FXCollaborative leverages broad expertise in architecture, interiors, and planning to enrich our world with responsible, intelligent, and beautiful design. The firm’s holistic approach integrates client aspirations, an urban sensibility and a celebration of the craft of building. From high rises and multi-family buildings to cultural and educational institutions and urban plans, FXCollaborative has had a positive impact on cityscapes and interiors worldwide.

Do you offer internships? If so, how many?

Yes, we offer internships throughout the year. We typically hire seven to eight interns each summer. We also offer fall and winter internships, typically one to four students, and the internship doesn’t last as long as summer internships.

What specific qualities and experience do you look for in an intern candidate?

Typically we’re looking for candidates in their last year of undergrad or in a master’s program. More specifically, we look to see if they have previous internship experience, what type of software skills they possess, resume and portfolio preparation, and if they’ve volunteered in the community, or participated outside their school work in the design industry.

Do you recommend students take the ARE 5.0?

Yes. We assist our interns with tracking AXP hours. It seems over the past few years, the exam has been compressed. You can now complete it faster. We do recommend, even if you haven’t achieved all your hours, that you take the exam. Getting licensed is such an important part of becoming an architect and can advance your career. It enables you to sign drawings, as well as be included on new business proposals.

What advice would you give recent graduates about to enter the architecture workforce?

I recommend recent grads to research specific firms that they admire and see themselves working at. I think it’s important because they don’t want to apply to just any firm. Some firms may not be the best fit. I think they should consider what kind of projects they want to work with, and what type of job culture they want to be a part of.

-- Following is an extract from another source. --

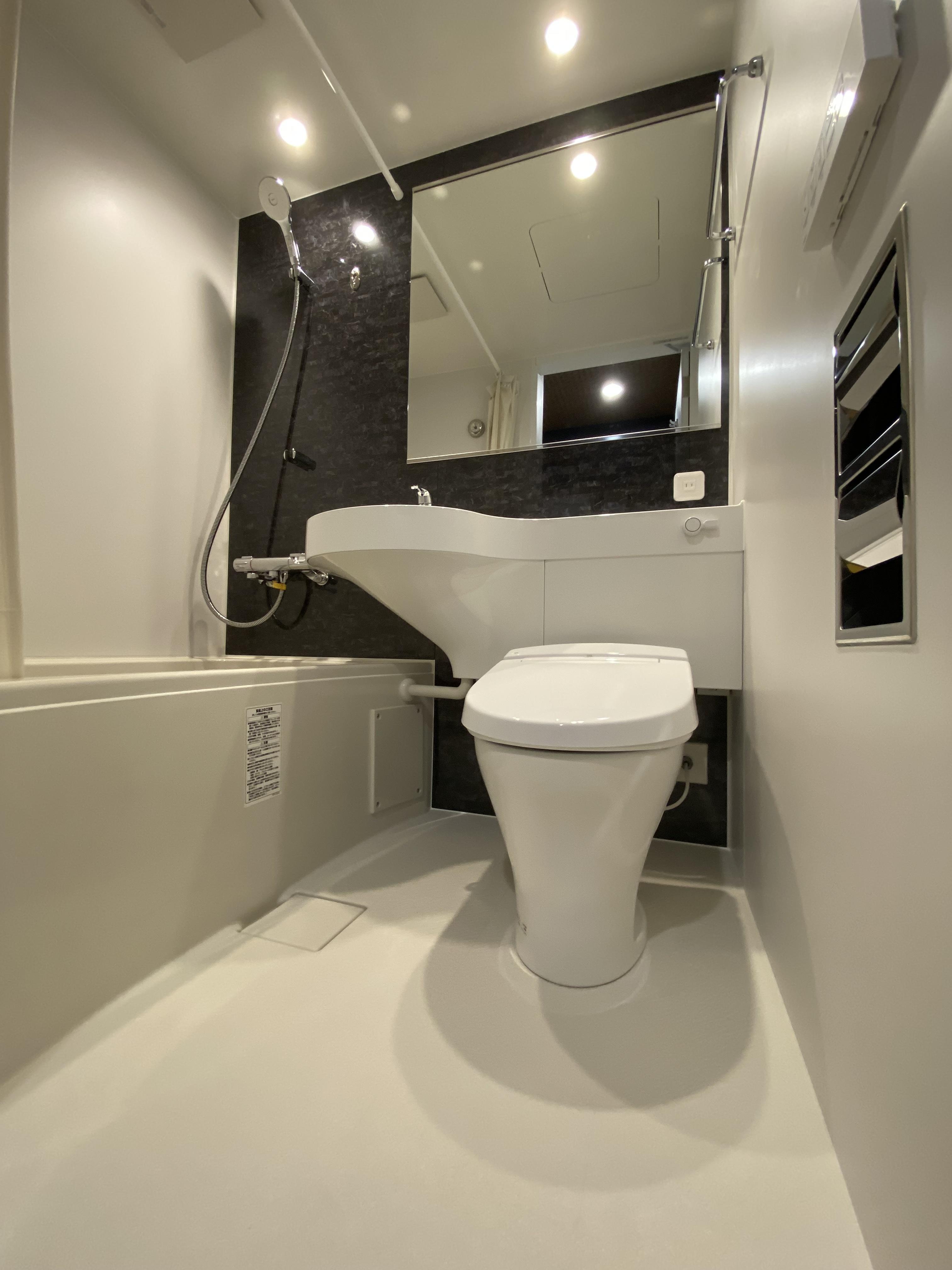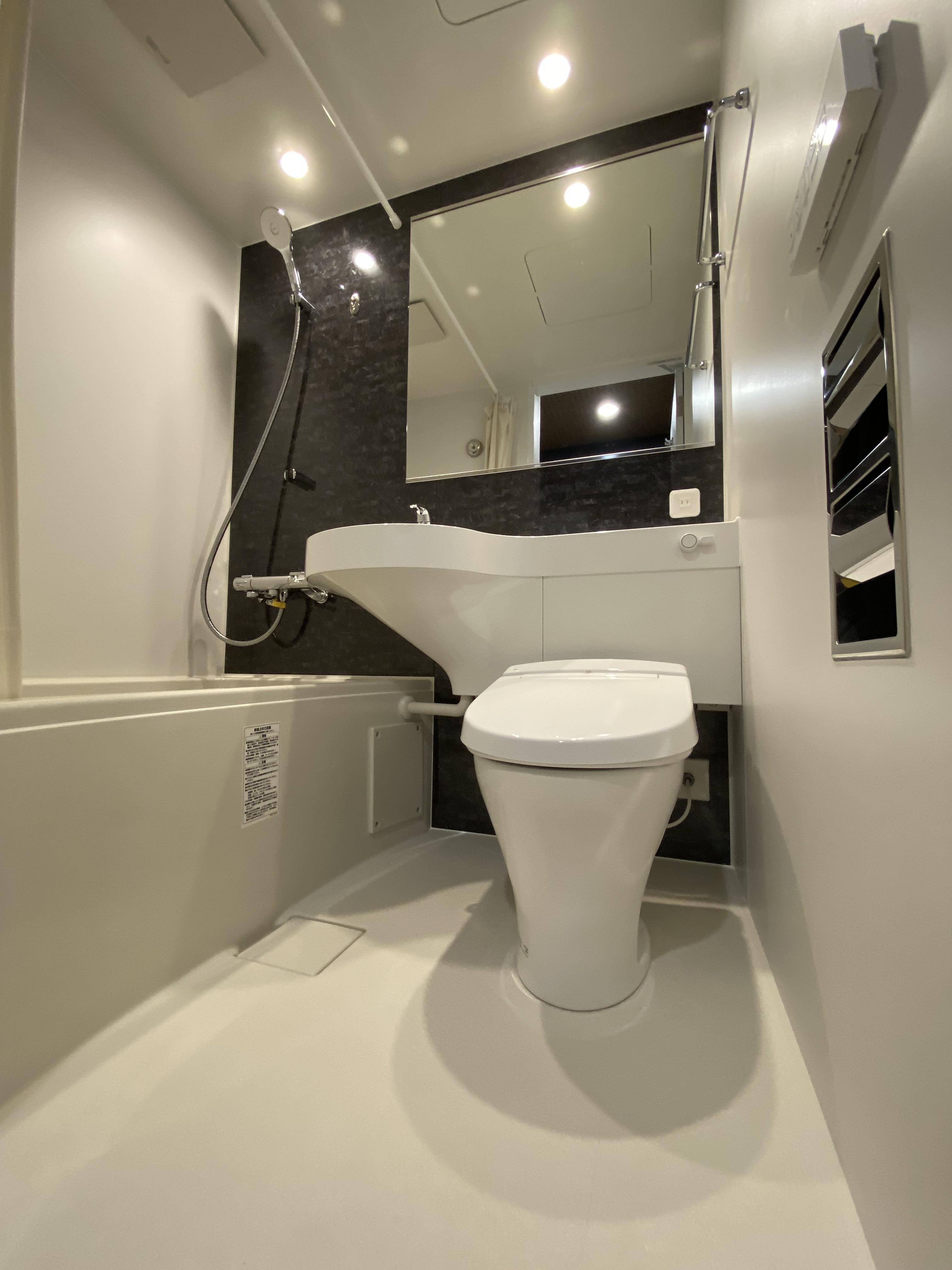 ツヤのあるアクセントパネルとスタイリッシュなトイレ。このユニットバスで部屋のクラス感をアップさせます。ワイドなミラーがゴージャス!

In any form of design, you are typically selling something—whether it be an idea or a product—so gaining experience on how to work with clients and how to listen to what they need was instrumental with my transition into a residential interior designer. I also realized through that experience that my heart was in residential design, not commercial as I originally thought; I may have never known that if I wasn’t open to all opportunities and directions after college.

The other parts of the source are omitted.